The speed at which she ran on the track paralleled the pace of life she was accustomed to in Texas.
“It was tough for me to slow down. I felt like I was on crack from Dallas. The pace of life was just so different,” she says.
After graduating from high school, she entered the U.S. Army and spent the majority of her six years in service as a military police officer. Upon leaving the Army, she spent time briefly in Rhode Island with family members, and then moved back to Spokane in 1993. It was on the East Coast where she began studying for a career in hospitality.
In spring 1994, Cavanaugh’s Inn at the Park—now called Hotel RL Spokane at the Park—hired Herford as an executive assistant to the general manager. She spent a year in that position before rapidly advancing in sales and management, she says.
Herford and her then husband weren’t in Spokane long before they moved back to Texas.
“He’d lived in Texas all his life, and Spokane was an even bigger shock for him than it was when I first came here,” she says.
Upon returning to Texas, Herford spent 12 years working for a Hyatt Regency in Dallas. She was placed in Hyatt’s year-long Hyatt University program, and there she says she learned every facet of the hospitality industry.

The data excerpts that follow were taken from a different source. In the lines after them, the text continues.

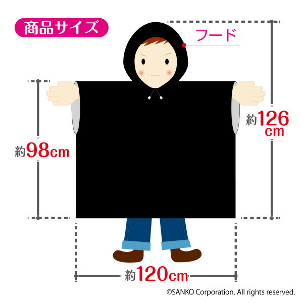 約タテ98(フード含126)×ヨコ120cm
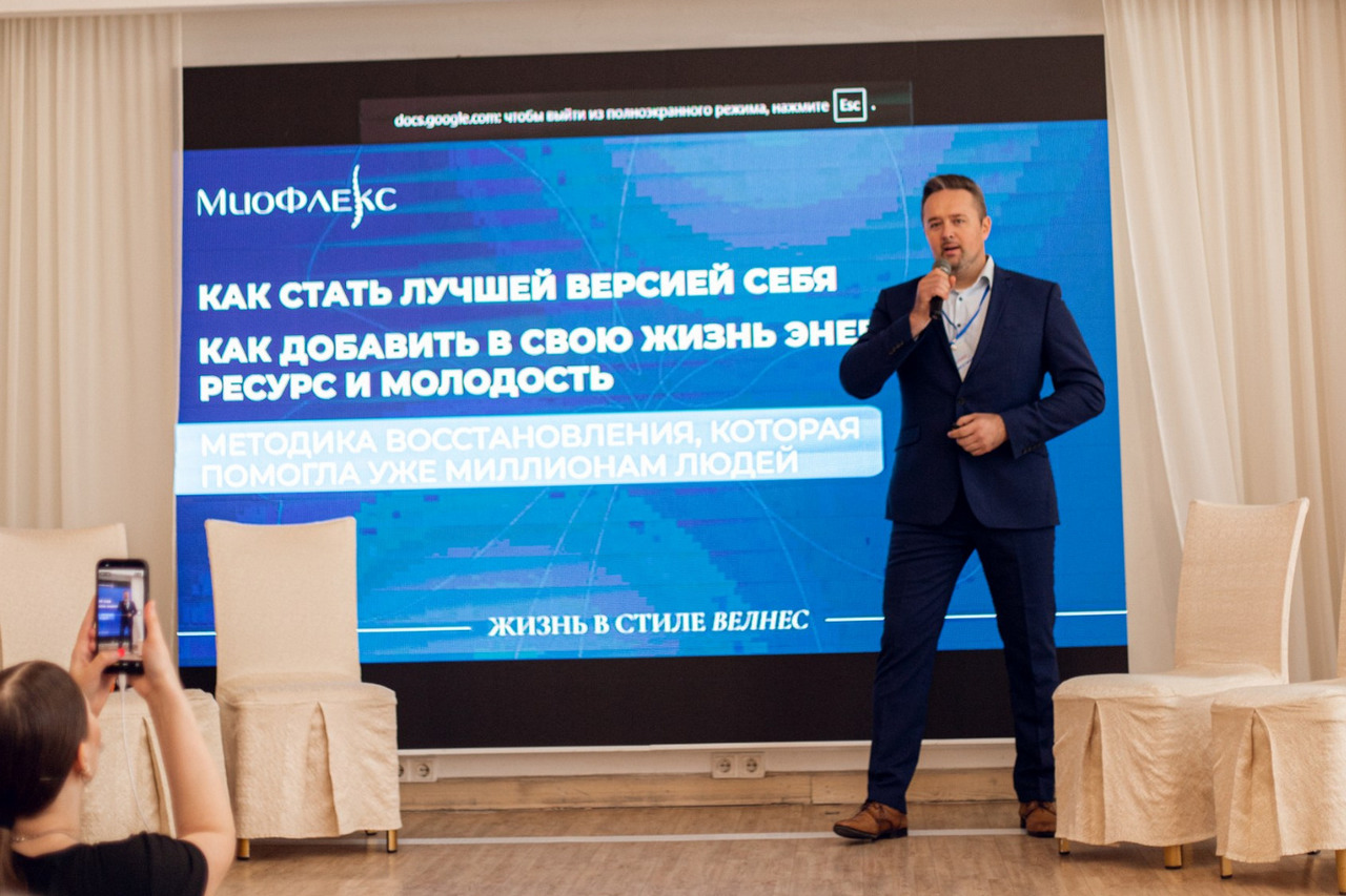 С темой «Как добавить в свою жизнь энергию, ресурс и лёгкость движения» выступил Александр Бринстер — партнёр МиоФлекс на Алтае, специалист по восстановлению. В своём выступлении он разобрал, почему напряжение в теле накапливается не только от нагрузок, но и от привычного образа жизни, и как это влияет на самочувствие, сон и уровень энергии.
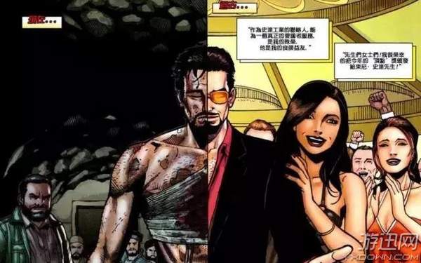 在漫威漫画《我是钢铁侠》中,直接采用了左右对比的方式,左边是绑架的画面、右边是之前的奢华生活。左右拼接,托尼斯塔克站在中间。这种落差表现更加突出,效果其实比电影里的还要好。
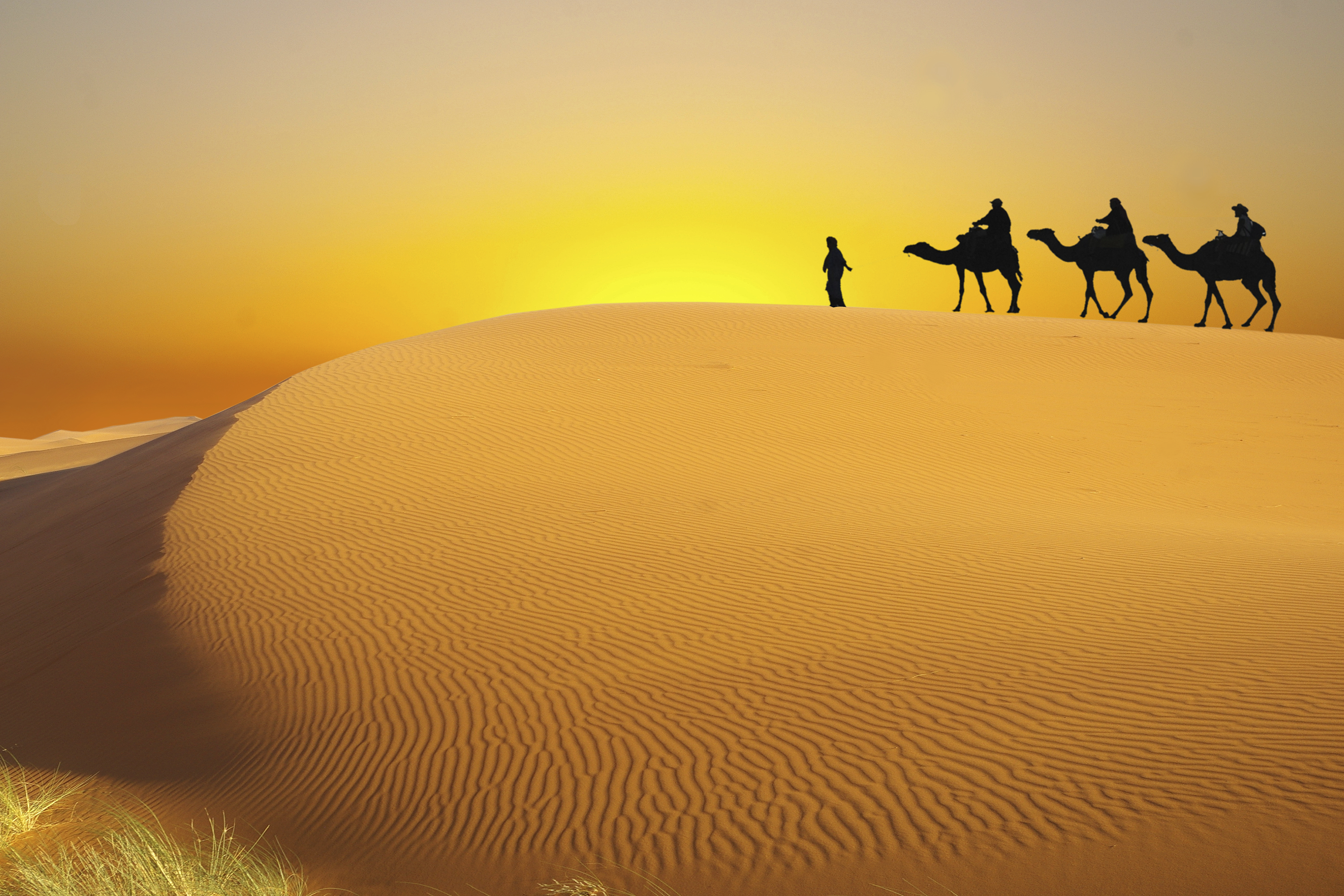 撒哈拉沙漠日出之旅:騎駱駝漫遊於沙漠,觀賞沙漠日出美景。(客人也可選擇漫步沙漠)欣賞令人屏息的沙漠日出,是最動人難忘的自然美景之一。
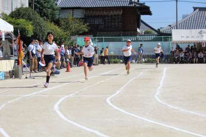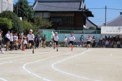 高学年の徒競走は100mです。カーブを走るところが難しいところです。懸命に追う姿にも感動しました。
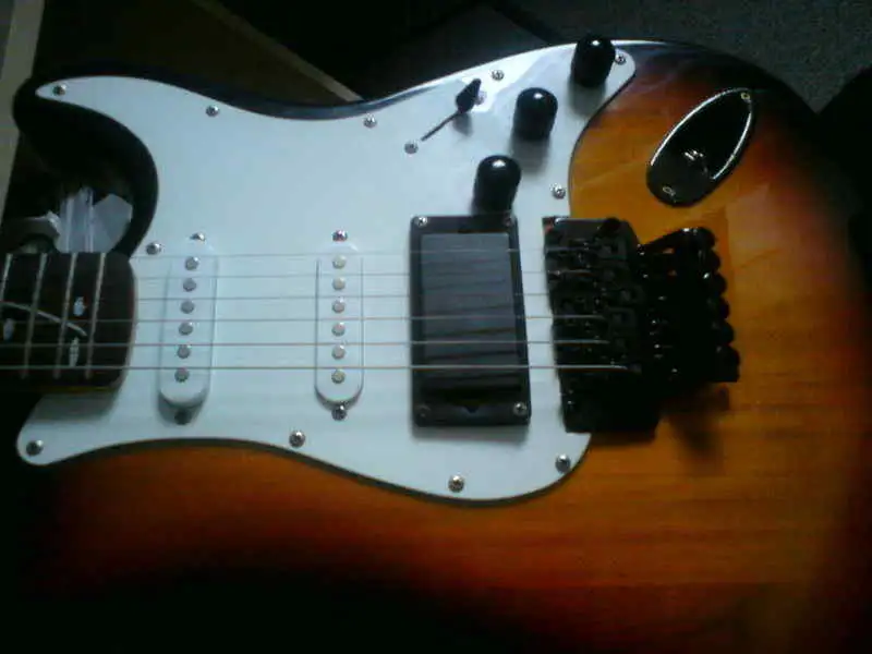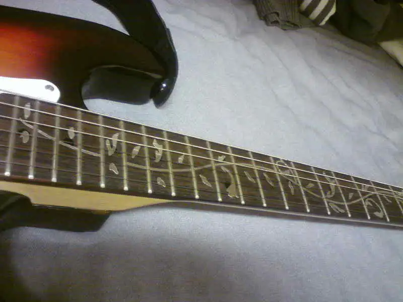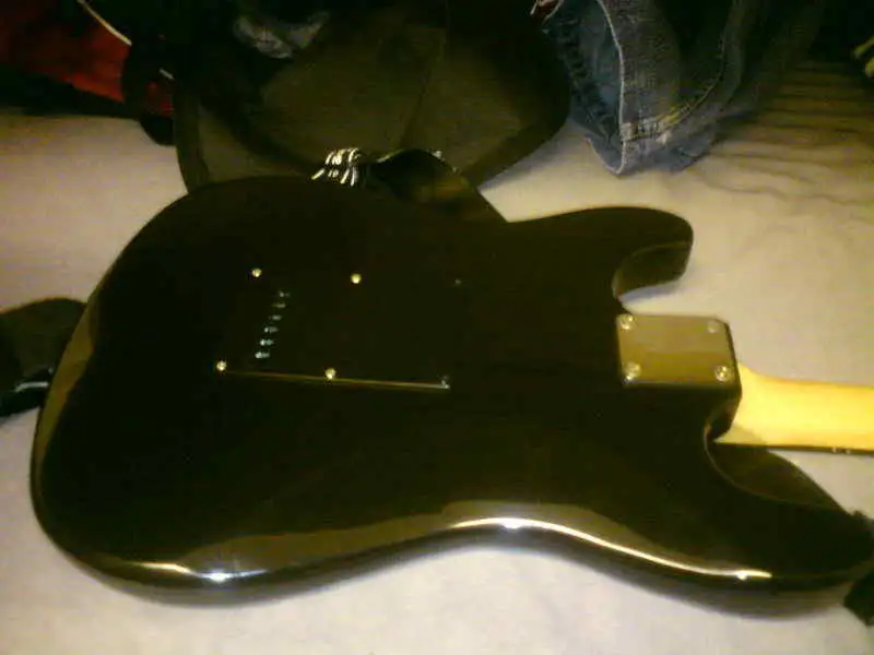 huendeskesCserélhető a képeken látható elektromos gitár. Új húrokkal felszerelve, a gyáritól eltérő hangszedőkkel.
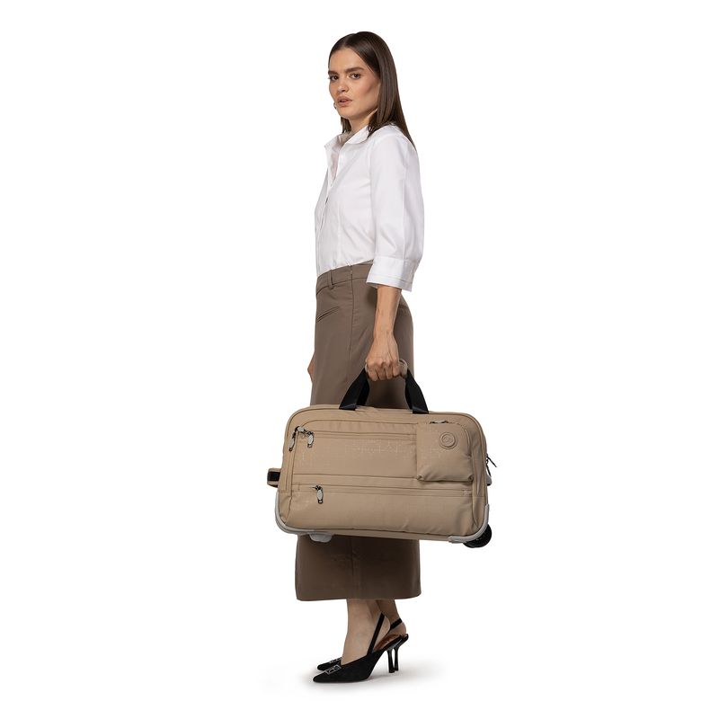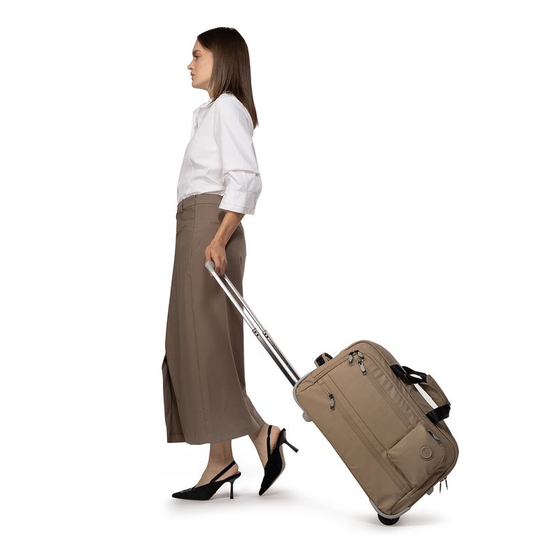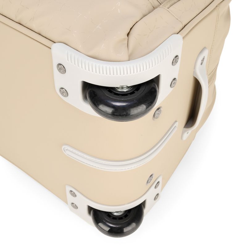 Duffle Bag hecha con material textil con estampado glossy. Cuenta con cierres de larga duración. Tiene rubber de monograma. Bastón de tres alturas. Cosmetiquera interna desprendible. Cuenta con dos ruedas silenciosas de fácil uso.

“They trained you on everything,” Herford says. “You’d spend two, three weeks, up to month with valet staff, concierge, banquet, human resources. It was time spent with between 15 to 20 departments over the course of the year.”
Herford moved the family, which now included four children, back to Spokane in 2004 when her mother retired.
“At that point, I was ready to slow down,” Herford says. “It felt so good to come back to Spokane. It finally felt like home. Here, there are all these lovely, adorable people that when I first got here was just too young to appreciate.”